==== Given material

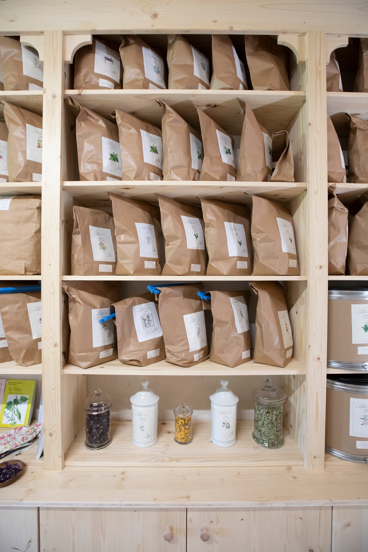 Une fois sèches, les plantes sont mondées à la main, mélangées – ou pas – puis conditionnées en sachets de papier kraft.
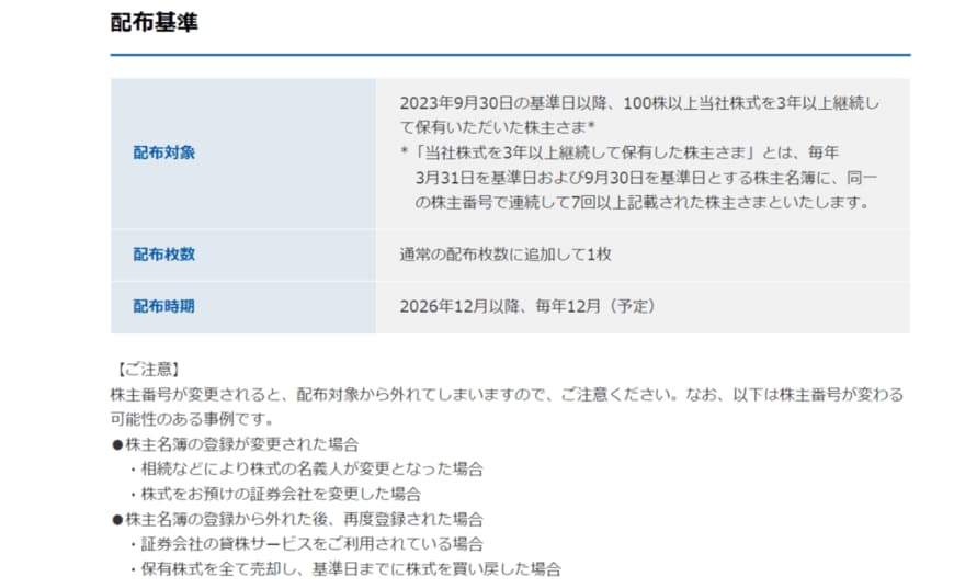 - 配布対象:2023年9月30日の基準日以降、100株以上の株式を3年以上継続して保有した株主(毎年3月31日と9月30日を基準日とする株主名簿に同一の株主番号で連続して7回以上記載)
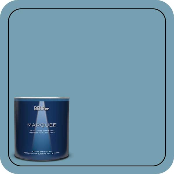 1 qt. #S480-4 Saga Blue One-Coat Hide Satin Enamel Interior Paint & Primer
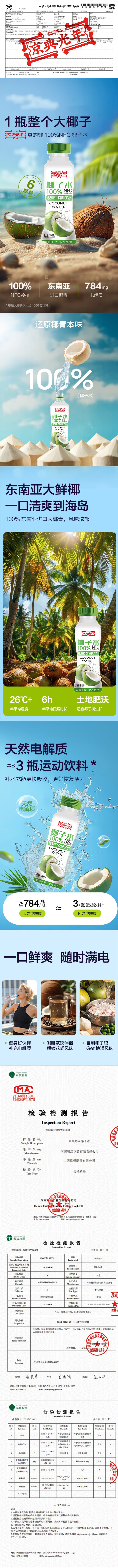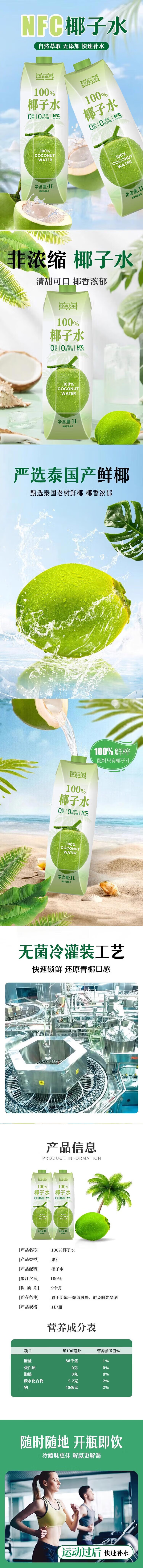 京典光年100%椰子水 泰国进口椰青 纯椰汁NFC椰子水饮料 100%NFC椰子水 1L*2瓶

========

## Your assignment
The data must be repeated exactly. Any pictures in it are to be left out.

## Output of the task
 Une fois sèches, les plantes sont mondées à la main, mélangées – ou pas – puis conditionnées en sachets de papier kraft.
 - 配布対象:2023年9月30日の基準日以降、100株以上の株式を3年以上継続して保有した株主(毎年3月31日と9月30日を基準日とする株主名簿に同一の株主番号で連続して7回以上記載)
 1 qt. #S480-4 Saga Blue One-Coat Hide Satin Enamel Interior Paint & Primer
 京典光年100%椰子水 泰国进口椰青 纯椰汁NFC椰子水饮料 100%NFC椰子水 1L*2瓶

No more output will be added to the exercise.